**About this task**
Return exactly the span of lines in the following data that opens with the line containing "Zurück zu AfD: Marokkaner" and closes with the line containing "Κατασκευασμένο από πορσελάνη". Include nothing else.

**Dataset records**
* * * *

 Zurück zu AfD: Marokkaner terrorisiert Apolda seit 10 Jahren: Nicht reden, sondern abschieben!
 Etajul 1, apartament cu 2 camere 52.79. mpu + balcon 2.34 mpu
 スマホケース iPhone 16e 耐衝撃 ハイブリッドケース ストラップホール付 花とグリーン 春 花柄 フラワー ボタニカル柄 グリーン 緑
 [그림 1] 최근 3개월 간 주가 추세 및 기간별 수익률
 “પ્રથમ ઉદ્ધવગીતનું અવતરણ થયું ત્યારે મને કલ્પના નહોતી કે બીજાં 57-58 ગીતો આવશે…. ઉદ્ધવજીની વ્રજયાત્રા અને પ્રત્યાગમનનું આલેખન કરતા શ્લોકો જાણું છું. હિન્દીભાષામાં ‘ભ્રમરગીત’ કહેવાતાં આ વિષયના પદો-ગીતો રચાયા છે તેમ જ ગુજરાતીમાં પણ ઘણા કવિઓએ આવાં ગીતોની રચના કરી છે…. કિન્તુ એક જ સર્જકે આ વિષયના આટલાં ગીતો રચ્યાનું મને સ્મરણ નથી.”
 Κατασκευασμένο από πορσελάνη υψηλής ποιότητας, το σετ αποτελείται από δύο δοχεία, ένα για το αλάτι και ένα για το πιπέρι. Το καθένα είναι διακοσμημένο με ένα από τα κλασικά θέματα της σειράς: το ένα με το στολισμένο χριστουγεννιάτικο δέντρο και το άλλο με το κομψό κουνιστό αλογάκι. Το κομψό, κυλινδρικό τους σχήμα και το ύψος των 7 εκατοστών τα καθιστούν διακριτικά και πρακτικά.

* * * *

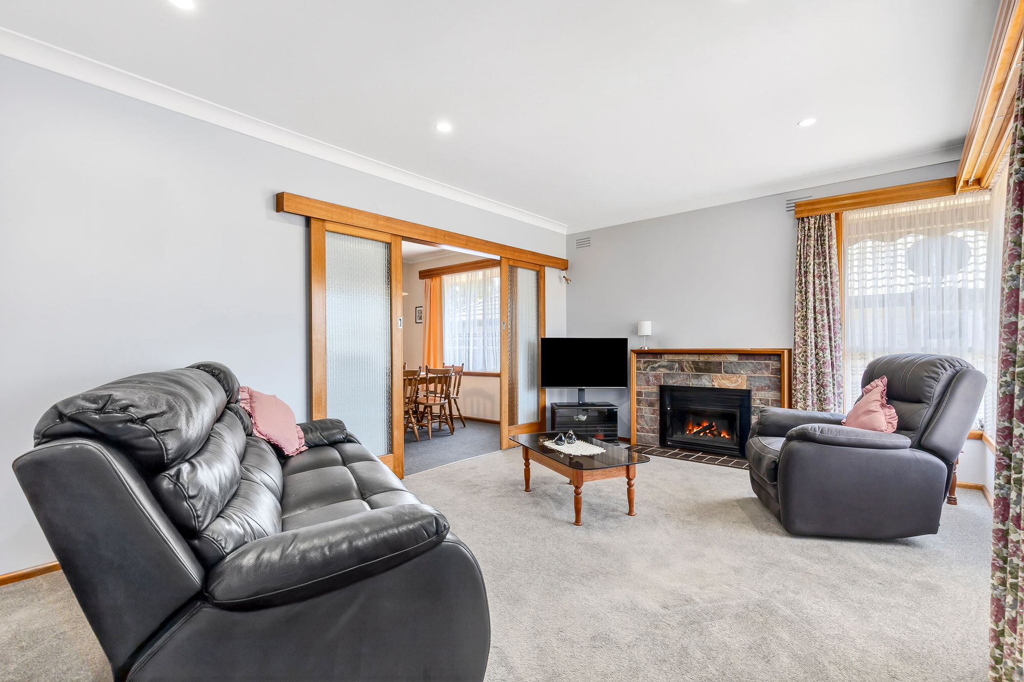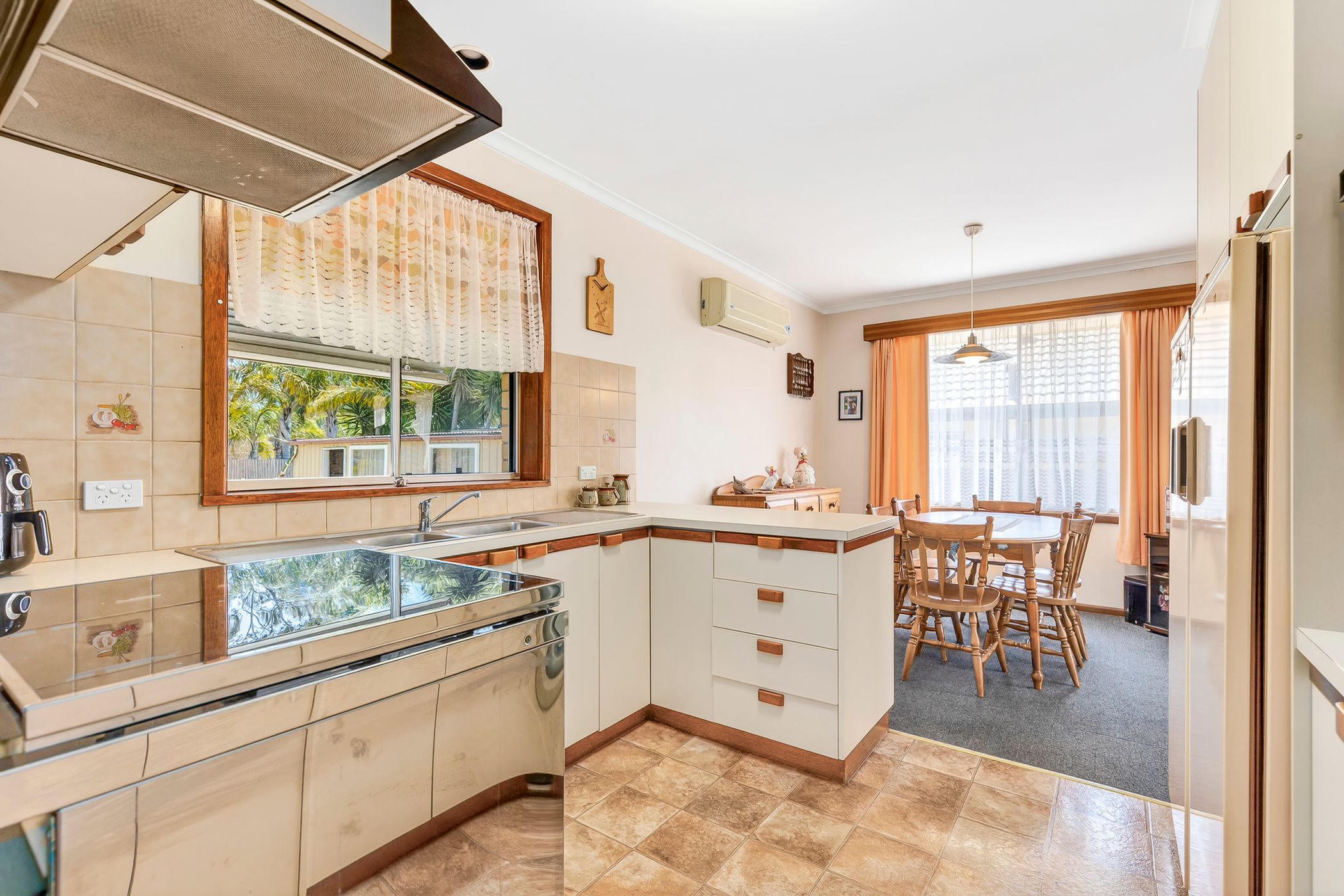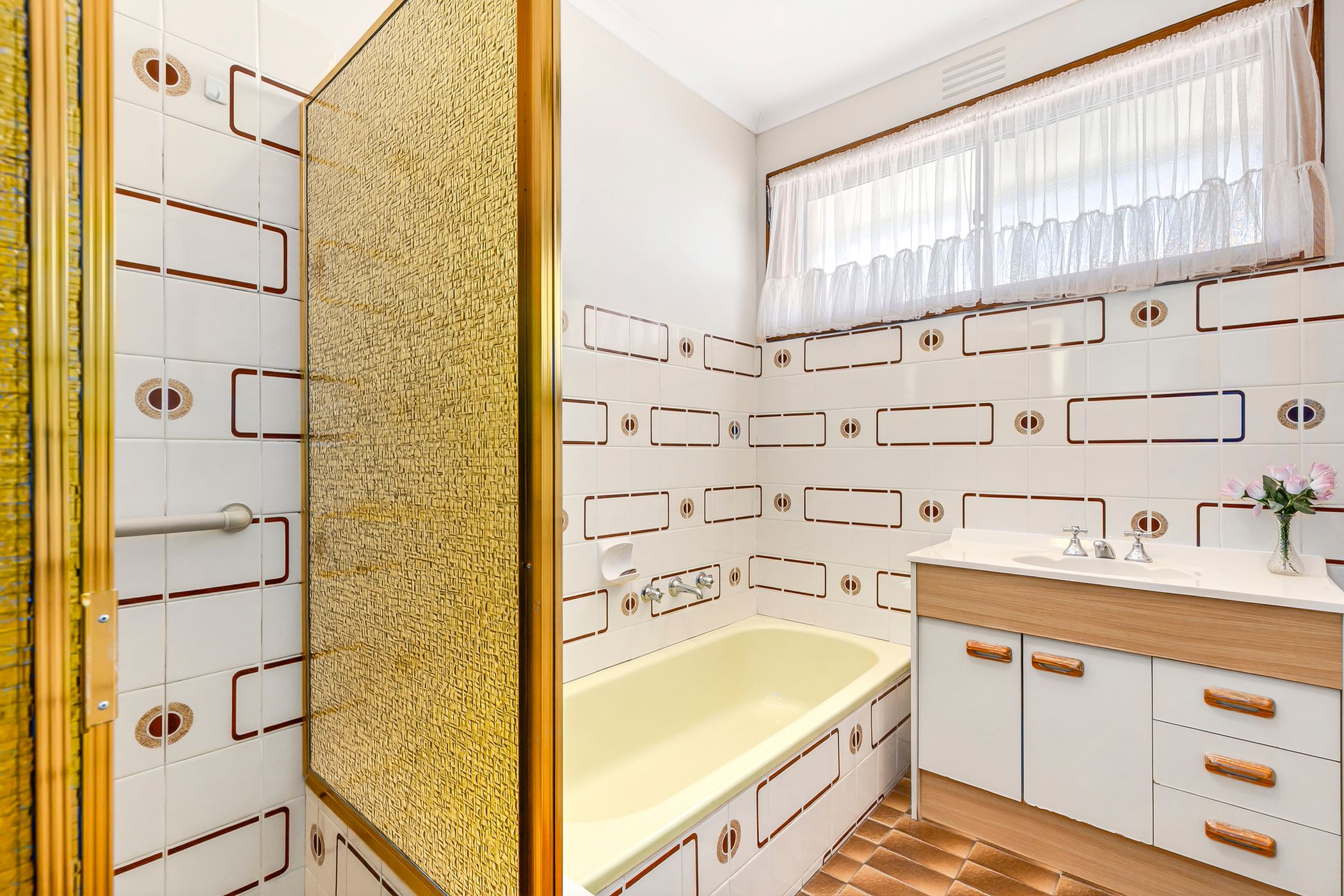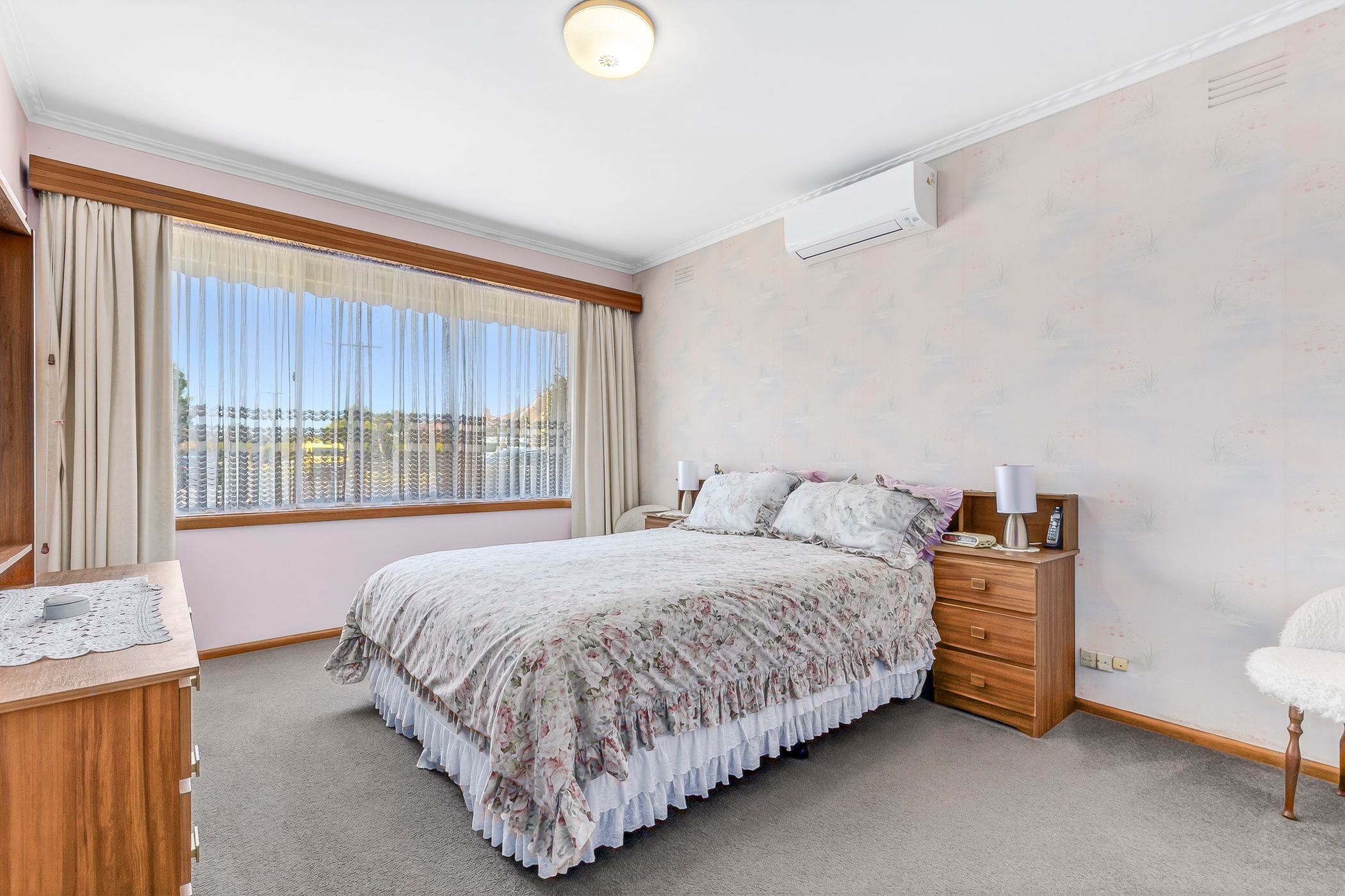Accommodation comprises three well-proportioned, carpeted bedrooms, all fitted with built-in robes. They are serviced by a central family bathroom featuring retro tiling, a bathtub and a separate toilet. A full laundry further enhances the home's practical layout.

* * * *

**Response below**
 Zurück zu AfD: Marokkaner terrorisiert Apolda seit 10 Jahren: Nicht reden, sondern abschieben!
 Etajul 1, apartament cu 2 camere 52.79. mpu + balcon 2.34 mpu
 スマホケース iPhone 16e 耐衝撃 ハイブリッドケース ストラップホール付 花とグリーン 春 花柄 フラワー ボタニカル柄 グリーン 緑
 [그림 1] 최근 3개월 간 주가 추세 및 기간별 수익률
 “પ્રથમ ઉદ્ધવગીતનું અવતરણ થયું ત્યારે મને કલ્પના નહોતી કે બીજાં 57-58 ગીતો આવશે…. ઉદ્ધવજીની વ્રજયાત્રા અને પ્રત્યાગમનનું આલેખન કરતા શ્લોકો જાણું છું. હિન્દીભાષામાં ‘ભ્રમરગીત’ કહેવાતાં આ વિષયના પદો-ગીતો રચાયા છે તેમ જ ગુજરાતીમાં પણ ઘણા કવિઓએ આવાં ગીતોની રચના કરી છે…. કિન્તુ એક જ સર્જકે આ વિષયના આટલાં ગીતો રચ્યાનું મને સ્મરણ નથી.”
 Κατασκευασμένο από πορσελάνη υψηλής ποιότητας, το σετ αποτελείται από δύο δοχεία, ένα για το αλάτι και ένα για το πιπέρι. Το καθένα είναι διακοσμημένο με ένα από τα κλασικά θέματα της σειράς: το ένα με το στολισμένο χριστουγεννιάτικο δέντρο και το άλλο με το κομψό κουνιστό αλογάκι. Το κομψό, κυλινδρικό τους σχήμα και το ύψος των 7 εκατοστών τα καθιστούν διακριτικά και πρακτικά.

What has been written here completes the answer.